> Task to complete
Leaving out the images, please output every entry exactly as it appears.

───── Material provided ─────

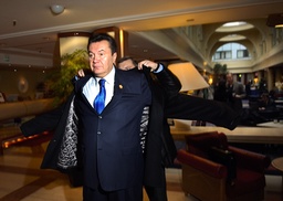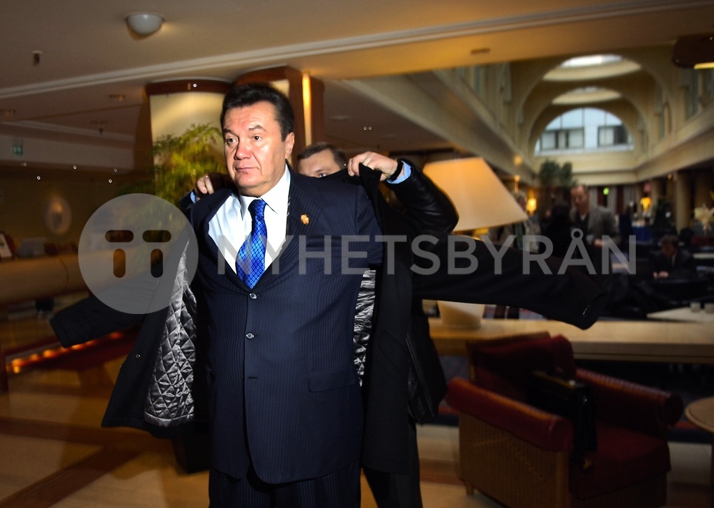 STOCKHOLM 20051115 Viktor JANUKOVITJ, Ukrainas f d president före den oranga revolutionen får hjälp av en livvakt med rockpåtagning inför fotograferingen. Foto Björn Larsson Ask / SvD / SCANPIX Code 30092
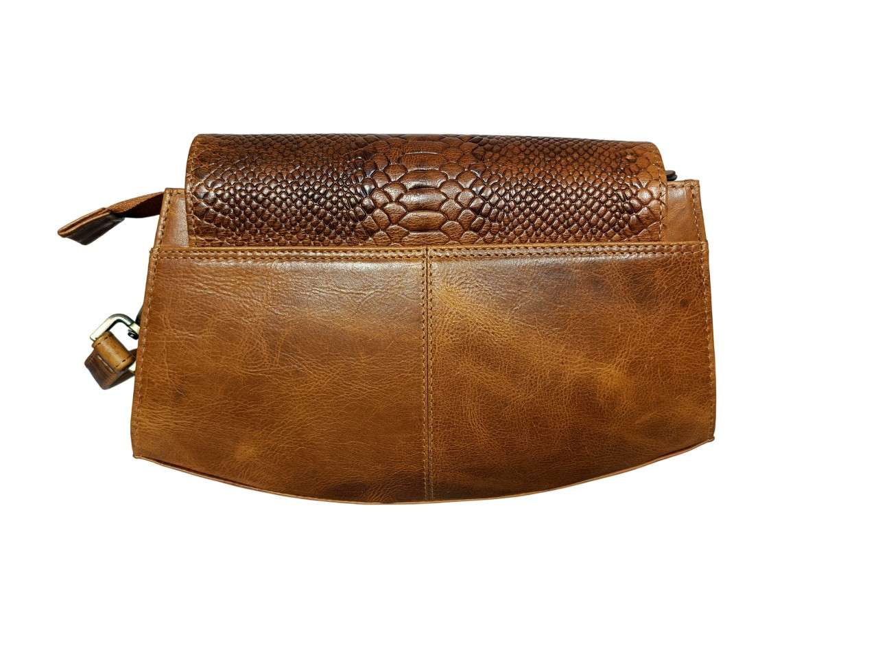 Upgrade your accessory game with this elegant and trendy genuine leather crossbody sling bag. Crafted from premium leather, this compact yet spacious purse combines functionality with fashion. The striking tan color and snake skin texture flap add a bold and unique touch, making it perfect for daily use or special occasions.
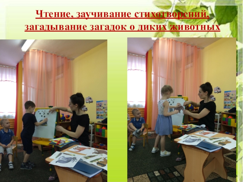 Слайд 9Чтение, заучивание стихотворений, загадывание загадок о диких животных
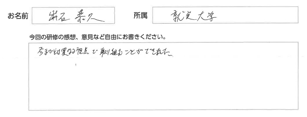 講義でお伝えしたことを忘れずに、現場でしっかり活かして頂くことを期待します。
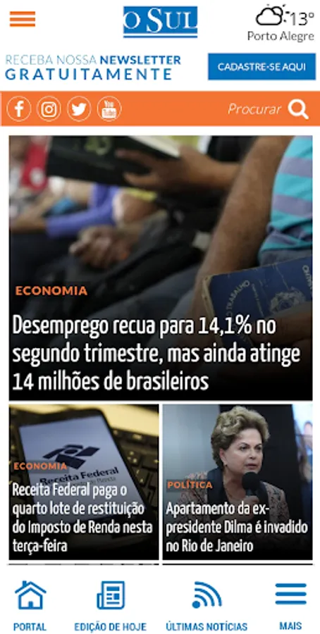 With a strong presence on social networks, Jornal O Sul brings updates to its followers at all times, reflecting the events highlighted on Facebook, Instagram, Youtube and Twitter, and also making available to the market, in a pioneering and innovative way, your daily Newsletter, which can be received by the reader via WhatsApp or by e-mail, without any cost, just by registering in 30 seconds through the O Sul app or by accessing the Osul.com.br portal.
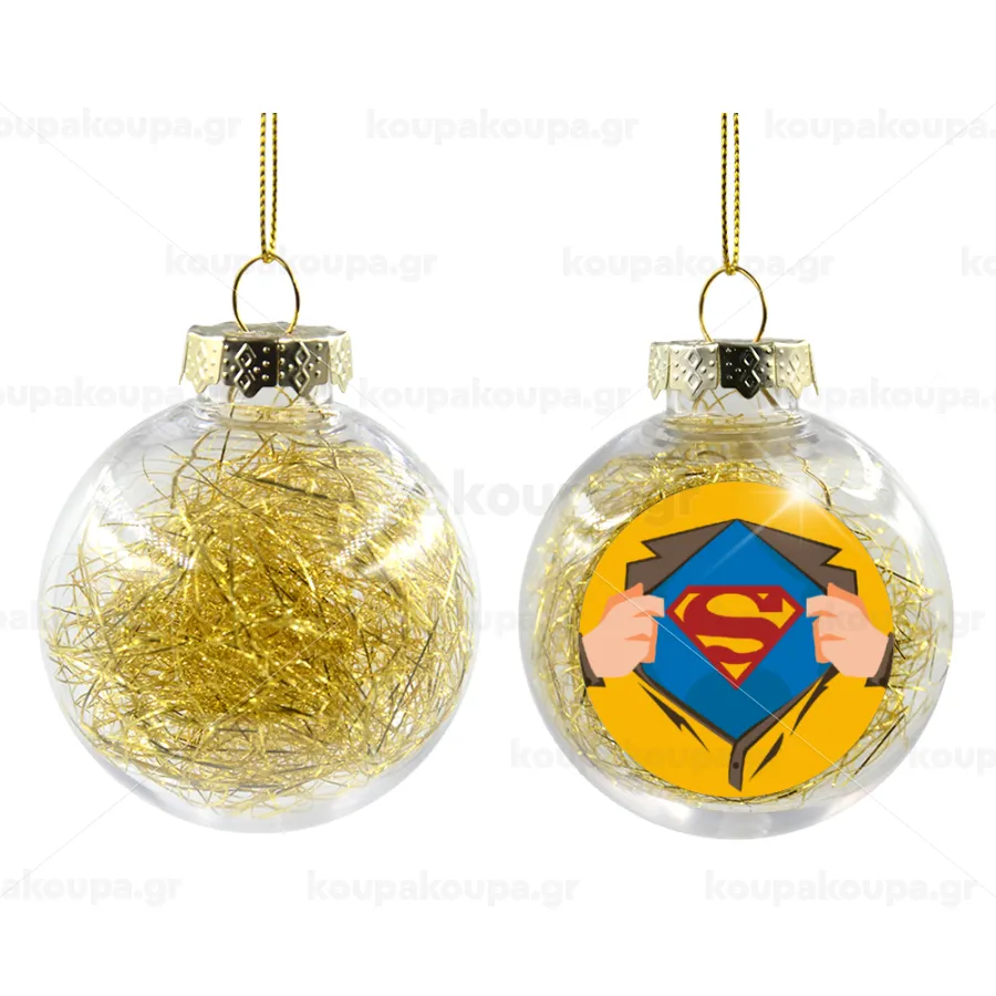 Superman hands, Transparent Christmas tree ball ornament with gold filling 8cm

─────

> Task response
 STOCKHOLM 20051115 Viktor JANUKOVITJ, Ukrainas f d president före den oranga revolutionen får hjälp av en livvakt med rockpåtagning inför fotograferingen. Foto Björn Larsson Ask / SvD / SCANPIX Code 30092
 Upgrade your accessory game with this elegant and trendy genuine leather crossbody sling bag. Crafted from premium leather, this compact yet spacious purse combines functionality with fashion. The striking tan color and snake skin texture flap add a bold and unique touch, making it perfect for daily use or special occasions.
 Слайд 9Чтение, заучивание стихотворений, загадывание загадок о диких животных
 講義でお伝えしたことを忘れずに、現場でしっかり活かして頂くことを期待します。
 With a strong presence on social networks, Jornal O Sul brings updates to its followers at all times, reflecting the events highlighted on Facebook, Instagram, Youtube and Twitter, and also making available to the market, in a pioneering and innovative way, your daily Newsletter, which can be received by the reader via WhatsApp or by e-mail, without any cost, just by registering in 30 seconds through the O Sul app or by accessing the Osul.com.br portal.
 Superman hands, Transparent Christmas tree ball ornament with gold filling 8cm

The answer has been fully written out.